Hyperparameter Optimisation with Practical Interpretability and Explanation Methods in Probabilistic Curriculum Learning

Salt, Llewyn, Gallagher, Marcus

arXiv.org Artificial Intelligence

Hyperparameter optimisation (HPO) is crucial for achieving strong performance in reinforcement learning (RL), as RL algorithms are inherently sensitive to hyperparameter settings. Probabilistic Curriculum Learning (PCL) is a curriculum learning strategy designed to improve RL performance by structuring the agent's learning process, yet effective hyperparameter tuning remains challenging and computationally demanding. In this paper, we provide an empirical analysis of hyperparameter interactions and their effects on the performance of a PCL algorithm within standard RL tasks, including point-maze navigation and DC motor control.

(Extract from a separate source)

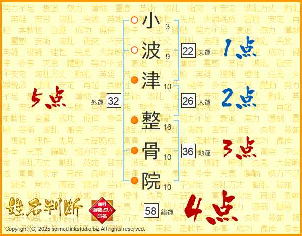 小(3画)波(9画)津(10画) 整(16画)骨(10画)院(10画)

Using the AlgOS framework integrated with Optuna's Tree-Structured Parzen Estimator (TPE), we present strategies to refine hyperparameter search spaces, enhancing optimisation efficiency. Additionally, we introduce a novel SHAP-based interpretability approach tailored specifically for analysing hyperparameter impacts, offering clear insights into how individual hyperparameters and their interactions influence RL performance. Our work contributes practical guidelines and interpretability tools that significantly improve the effectiveness and computational feasibility of hyperparameter optimisation in reinforcement learning.